» PROVIDED ENTRIES
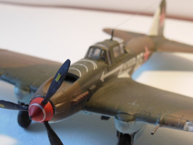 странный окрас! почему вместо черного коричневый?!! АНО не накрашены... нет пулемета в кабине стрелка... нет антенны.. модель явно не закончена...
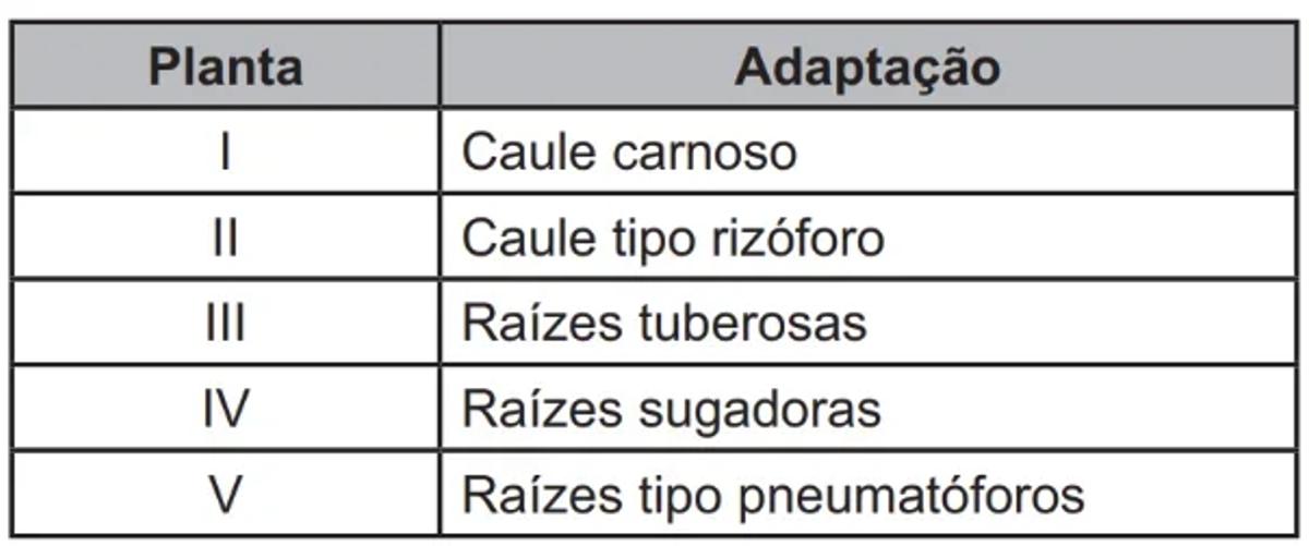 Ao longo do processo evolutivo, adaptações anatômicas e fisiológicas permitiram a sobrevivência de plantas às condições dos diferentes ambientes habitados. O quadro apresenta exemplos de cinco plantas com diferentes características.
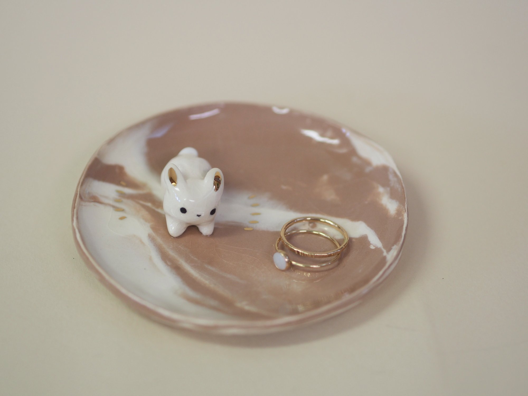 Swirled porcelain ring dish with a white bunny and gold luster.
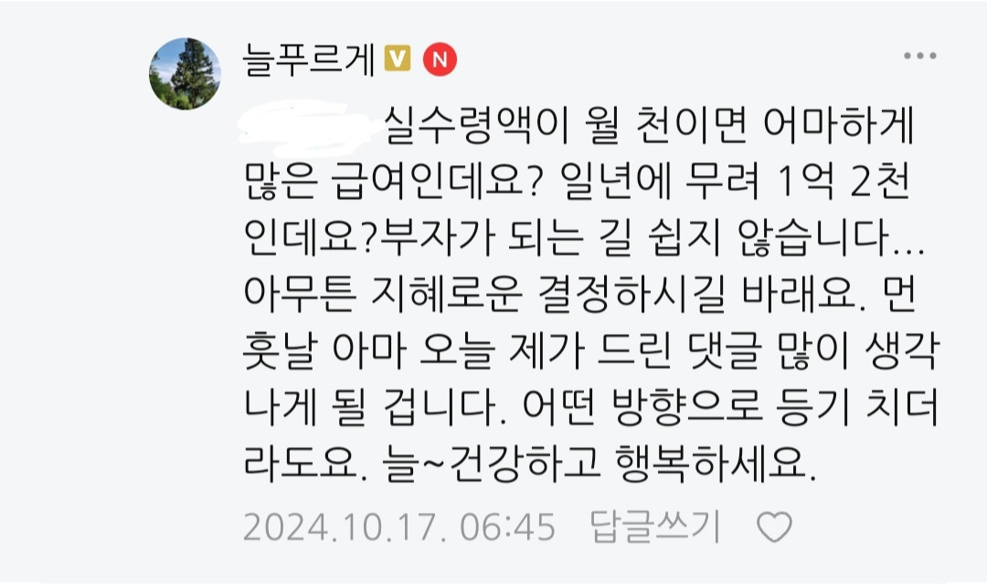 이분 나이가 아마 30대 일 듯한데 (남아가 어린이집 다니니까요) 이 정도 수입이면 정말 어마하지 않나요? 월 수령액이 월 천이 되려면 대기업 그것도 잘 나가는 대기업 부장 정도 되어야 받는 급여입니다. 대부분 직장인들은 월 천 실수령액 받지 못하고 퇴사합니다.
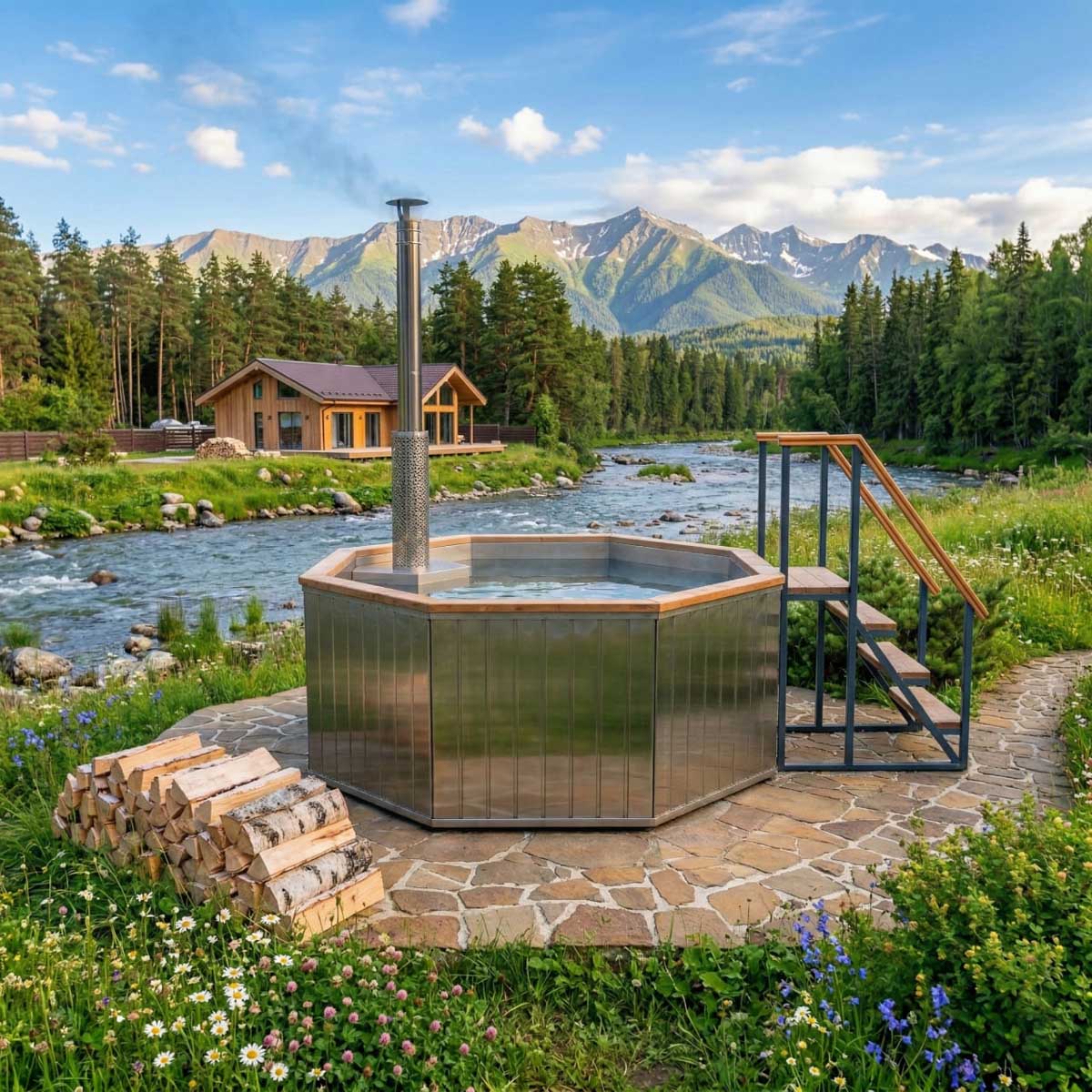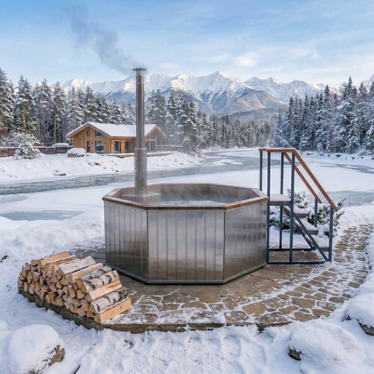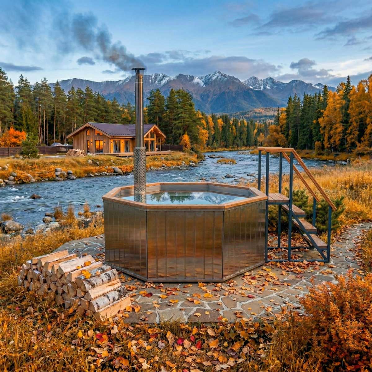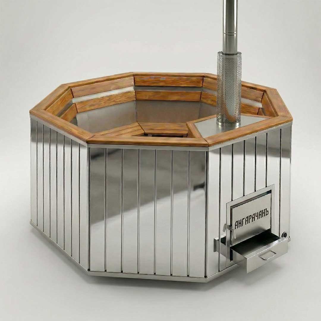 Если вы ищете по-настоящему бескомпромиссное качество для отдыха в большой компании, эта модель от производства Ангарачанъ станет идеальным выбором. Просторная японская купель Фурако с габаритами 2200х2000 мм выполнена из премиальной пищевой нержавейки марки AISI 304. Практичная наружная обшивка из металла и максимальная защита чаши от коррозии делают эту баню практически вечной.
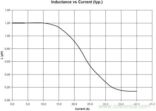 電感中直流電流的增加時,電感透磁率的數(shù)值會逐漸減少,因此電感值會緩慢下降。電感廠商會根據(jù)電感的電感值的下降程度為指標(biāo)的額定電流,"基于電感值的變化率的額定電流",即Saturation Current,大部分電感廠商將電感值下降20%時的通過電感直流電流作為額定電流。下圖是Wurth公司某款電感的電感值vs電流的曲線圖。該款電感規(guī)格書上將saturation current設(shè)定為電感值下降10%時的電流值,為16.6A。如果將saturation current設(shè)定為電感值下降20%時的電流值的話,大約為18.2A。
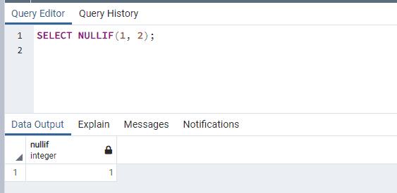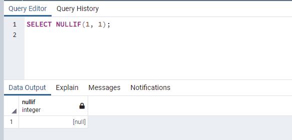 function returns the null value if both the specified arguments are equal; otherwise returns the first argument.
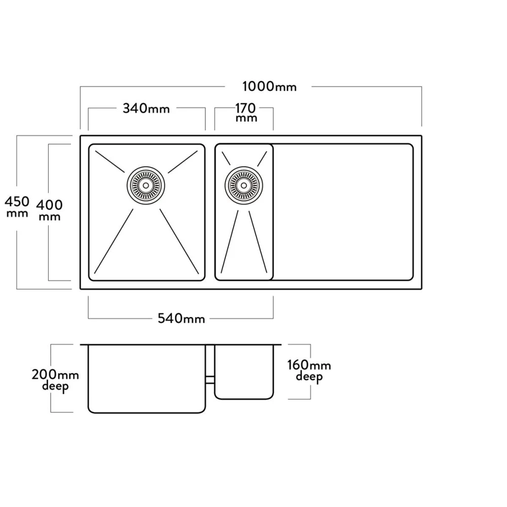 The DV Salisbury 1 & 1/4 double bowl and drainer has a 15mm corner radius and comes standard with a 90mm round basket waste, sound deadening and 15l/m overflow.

» TO DO
From the line containing "Swirled porcelain ring" down to the last line of the data above, transcribe exactly those lines and no others; omit the pictures.

» TASK RESULT
 Swirled porcelain ring dish with a white bunny and gold luster.
 이분 나이가 아마 30대 일 듯한데 (남아가 어린이집 다니니까요) 이 정도 수입이면 정말 어마하지 않나요? 월 수령액이 월 천이 되려면 대기업 그것도 잘 나가는 대기업 부장 정도 되어야 받는 급여입니다. 대부분 직장인들은 월 천 실수령액 받지 못하고 퇴사합니다.
 Если вы ищете по-настоящему бескомпромиссное качество для отдыха в большой компании, эта модель от производства Ангарачанъ станет идеальным выбором. Просторная японская купель Фурако с габаритами 2200х2000 мм выполнена из премиальной пищевой нержавейки марки AISI 304. Практичная наружная обшивка из металла и максимальная защита чаши от коррозии делают эту баню практически вечной.
 電感中直流電流的增加時,電感透磁率的數(shù)值會逐漸減少,因此電感值會緩慢下降。電感廠商會根據(jù)電感的電感值的下降程度為指標(biāo)的額定電流,"基于電感值的變化率的額定電流",即Saturation Current,大部分電感廠商將電感值下降20%時的通過電感直流電流作為額定電流。下圖是Wurth公司某款電感的電感值vs電流的曲線圖。該款電感規(guī)格書上將saturation current設(shè)定為電感值下降10%時的電流值,為16.6A。如果將saturation current設(shè)定為電感值下降20%時的電流值的話,大約為18.2A。
 function returns the null value if both the specified arguments are equal; otherwise returns the first argument.
 The DV Salisbury 1 & 1/4 double bowl and drainer has a 15mm corner radius and comes standard with a 90mm round basket waste, sound deadening and 15l/m overflow.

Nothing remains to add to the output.